Extracted material:

*** Block opens ***

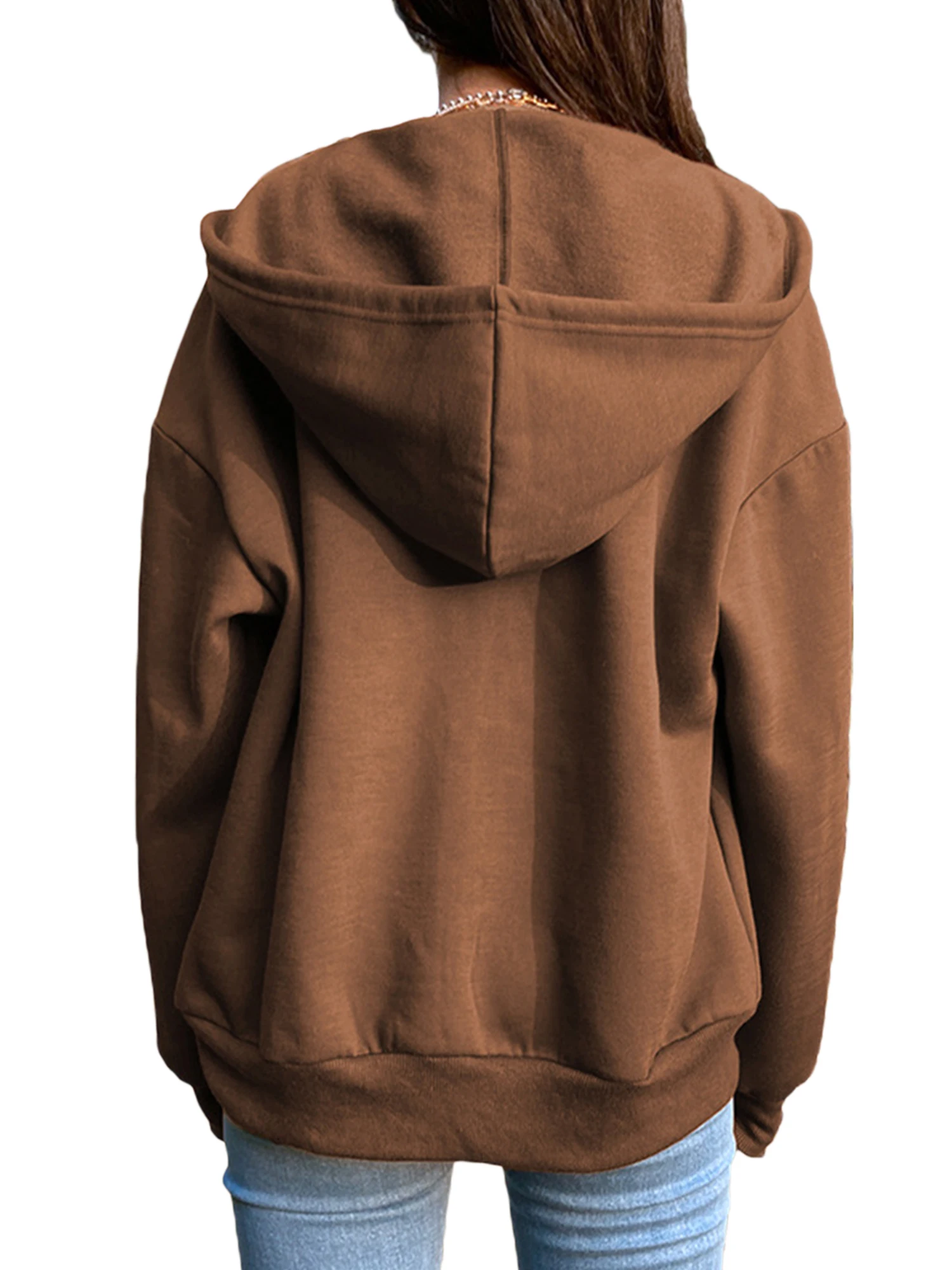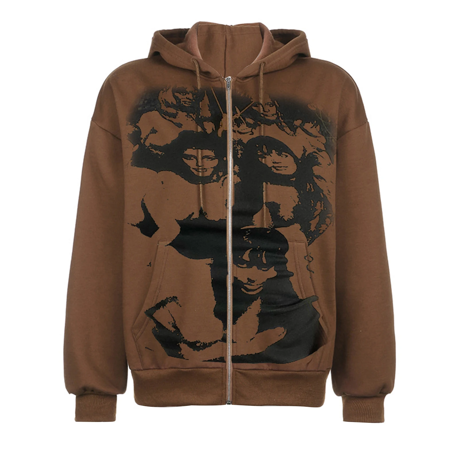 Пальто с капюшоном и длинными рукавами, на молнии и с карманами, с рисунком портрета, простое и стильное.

*** Block closes ***
*** Block opens ***

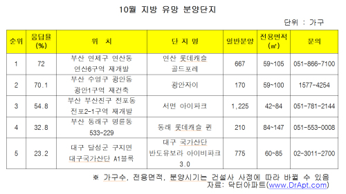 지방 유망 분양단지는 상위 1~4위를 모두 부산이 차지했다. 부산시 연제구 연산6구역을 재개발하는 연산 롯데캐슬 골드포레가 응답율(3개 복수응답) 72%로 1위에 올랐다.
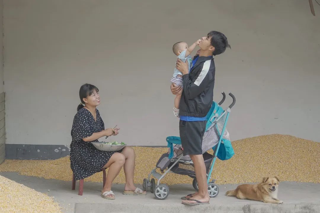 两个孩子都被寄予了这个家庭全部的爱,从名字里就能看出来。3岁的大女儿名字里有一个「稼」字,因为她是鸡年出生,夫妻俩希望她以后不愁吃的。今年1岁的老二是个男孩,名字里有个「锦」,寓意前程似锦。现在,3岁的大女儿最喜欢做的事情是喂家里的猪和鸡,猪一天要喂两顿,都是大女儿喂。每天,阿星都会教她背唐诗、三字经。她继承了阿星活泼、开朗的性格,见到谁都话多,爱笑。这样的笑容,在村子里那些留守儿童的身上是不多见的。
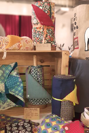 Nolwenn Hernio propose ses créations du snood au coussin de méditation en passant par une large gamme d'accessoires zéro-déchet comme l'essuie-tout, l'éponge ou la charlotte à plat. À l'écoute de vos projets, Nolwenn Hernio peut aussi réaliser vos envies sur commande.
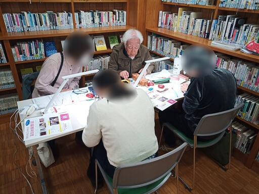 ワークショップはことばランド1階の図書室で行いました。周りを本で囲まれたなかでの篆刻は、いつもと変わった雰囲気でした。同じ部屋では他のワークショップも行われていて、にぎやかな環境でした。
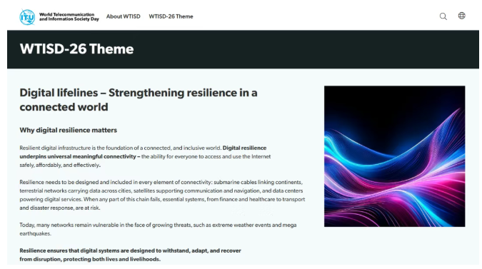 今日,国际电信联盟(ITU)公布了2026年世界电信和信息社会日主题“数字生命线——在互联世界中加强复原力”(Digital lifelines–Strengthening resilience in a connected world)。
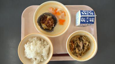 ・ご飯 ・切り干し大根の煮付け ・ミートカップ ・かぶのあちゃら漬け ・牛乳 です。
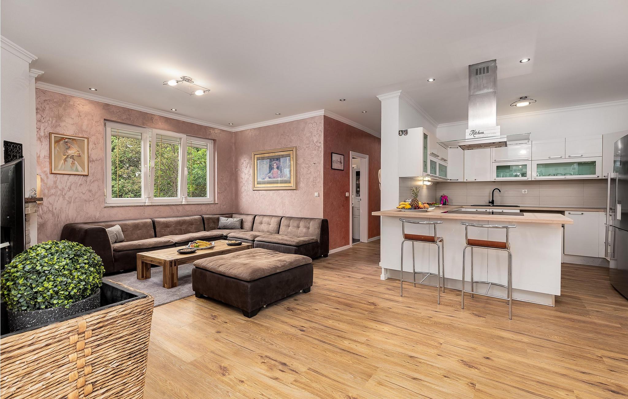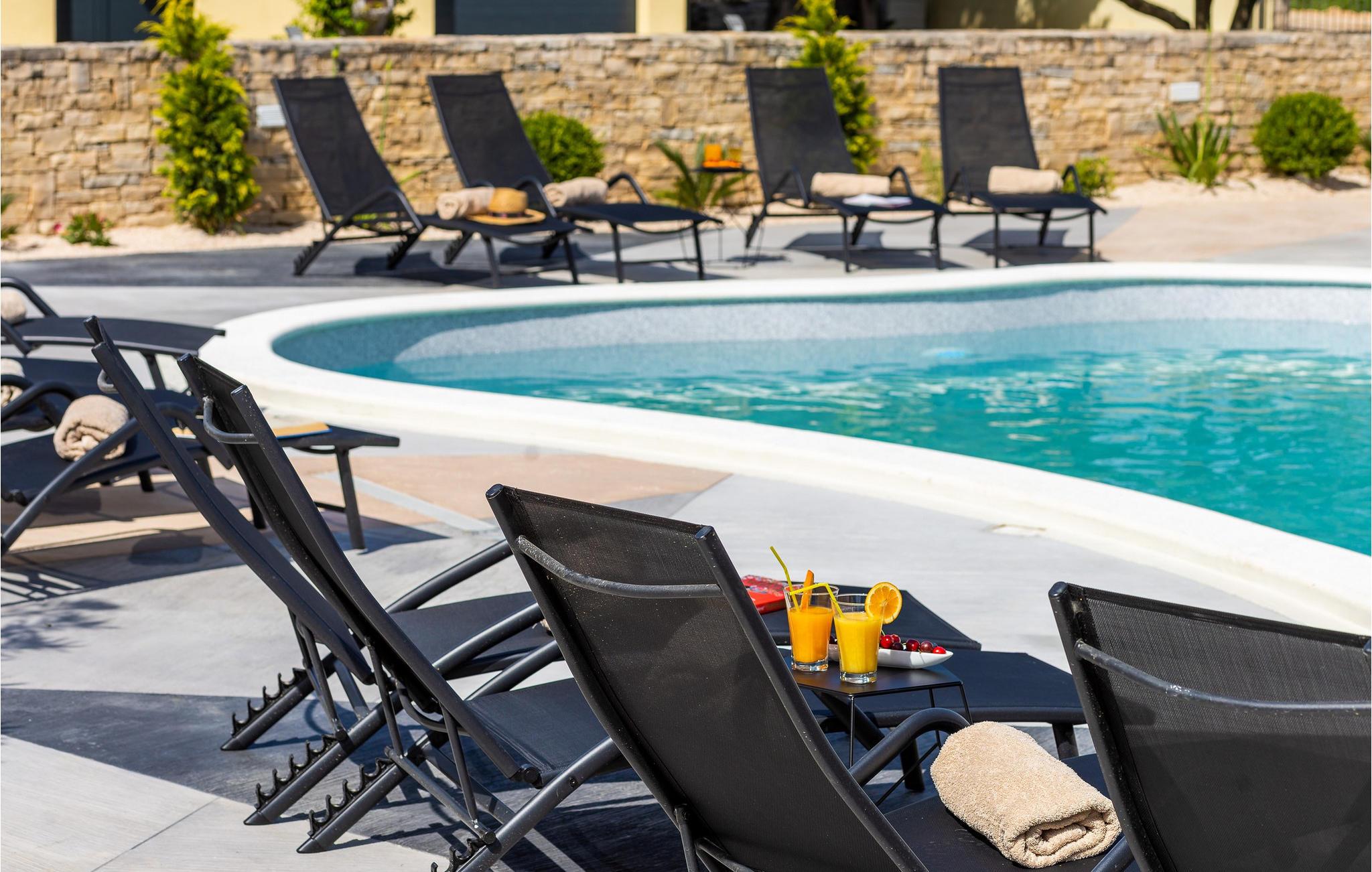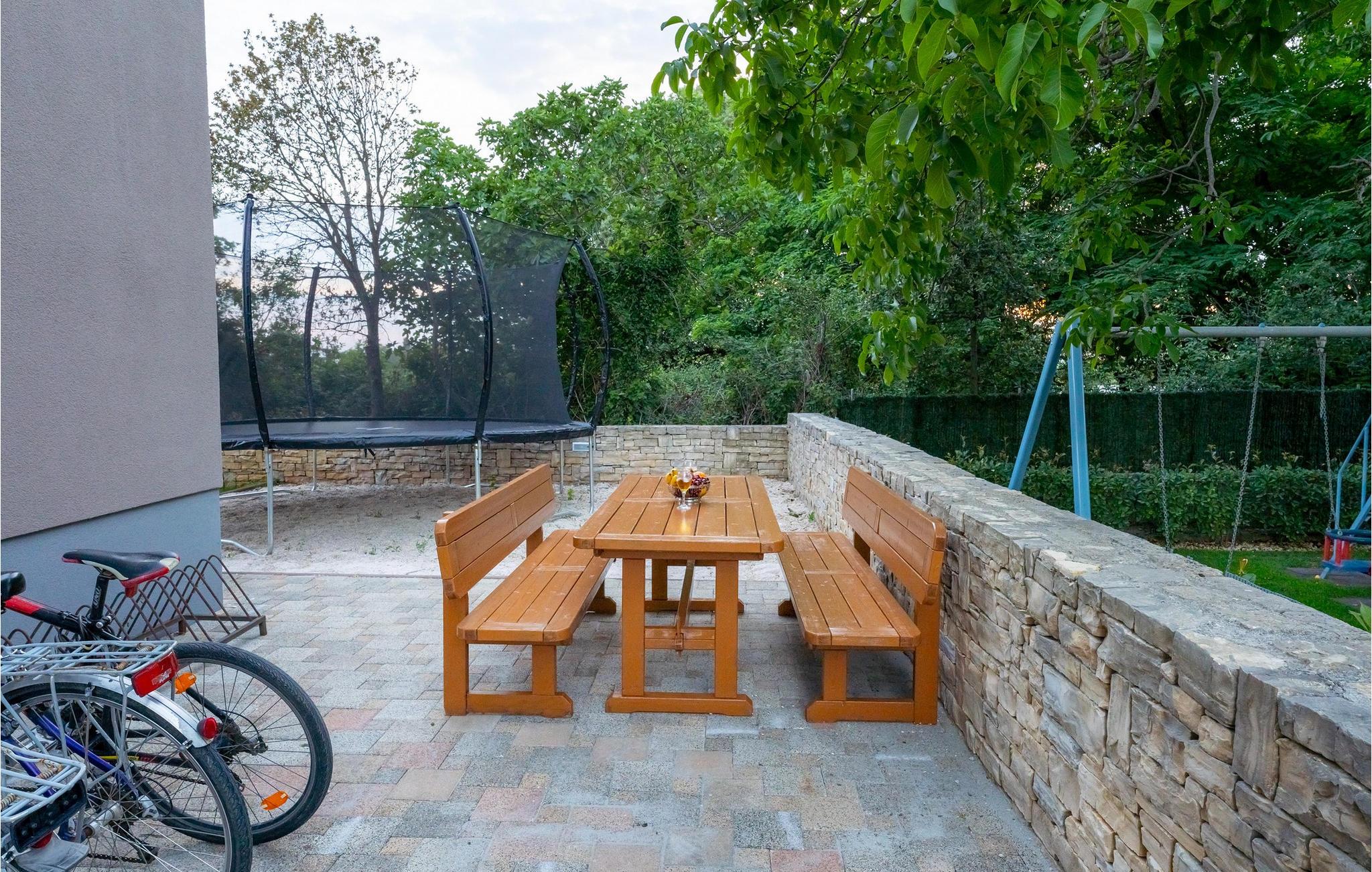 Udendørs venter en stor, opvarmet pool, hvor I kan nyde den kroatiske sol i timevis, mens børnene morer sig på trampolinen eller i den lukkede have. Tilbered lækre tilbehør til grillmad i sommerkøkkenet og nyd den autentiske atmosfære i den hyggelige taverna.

*** Block closes ***
*** Block opens ***

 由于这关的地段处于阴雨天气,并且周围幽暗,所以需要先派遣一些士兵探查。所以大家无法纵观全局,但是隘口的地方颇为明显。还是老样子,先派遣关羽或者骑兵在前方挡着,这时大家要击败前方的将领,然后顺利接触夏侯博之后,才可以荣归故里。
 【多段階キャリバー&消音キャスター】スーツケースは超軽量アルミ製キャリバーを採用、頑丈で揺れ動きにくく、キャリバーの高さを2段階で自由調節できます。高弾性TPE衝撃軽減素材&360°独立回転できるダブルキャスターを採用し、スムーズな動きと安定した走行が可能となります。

*** Block closes ***

What you are asked to do: When you reach the line holding "两个孩子都被寄予了这个家庭全" in the listing above, begin retyping exactly, and stop once the line holding "Udendørs venter en" is done; pictures stay out.

Answer to this problem:
 两个孩子都被寄予了这个家庭全部的爱,从名字里就能看出来。3岁的大女儿名字里有一个「稼」字,因为她是鸡年出生,夫妻俩希望她以后不愁吃的。今年1岁的老二是个男孩,名字里有个「锦」,寓意前程似锦。现在,3岁的大女儿最喜欢做的事情是喂家里的猪和鸡,猪一天要喂两顿,都是大女儿喂。每天,阿星都会教她背唐诗、三字经。她继承了阿星活泼、开朗的性格,见到谁都话多,爱笑。这样的笑容,在村子里那些留守儿童的身上是不多见的。
 Nolwenn Hernio propose ses créations du snood au coussin de méditation en passant par une large gamme d'accessoires zéro-déchet comme l'essuie-tout, l'éponge ou la charlotte à plat. À l'écoute de vos projets, Nolwenn Hernio peut aussi réaliser vos envies sur commande.
 ワークショップはことばランド1階の図書室で行いました。周りを本で囲まれたなかでの篆刻は、いつもと変わった雰囲気でした。同じ部屋では他のワークショップも行われていて、にぎやかな環境でした。
 今日,国际电信联盟(ITU)公布了2026年世界电信和信息社会日主题“数字生命线——在互联世界中加强复原力”(Digital lifelines–Strengthening resilience in a connected world)。
 ・ご飯 ・切り干し大根の煮付け ・ミートカップ ・かぶのあちゃら漬け ・牛乳 です。
 Udendørs venter en stor, opvarmet pool, hvor I kan nyde den kroatiske sol i timevis, mens børnene morer sig på trampolinen eller i den lukkede have. Tilbered lækre tilbehør til grillmad i sommerkøkkenet og nyd den autentiske atmosfære i den hyggelige taverna.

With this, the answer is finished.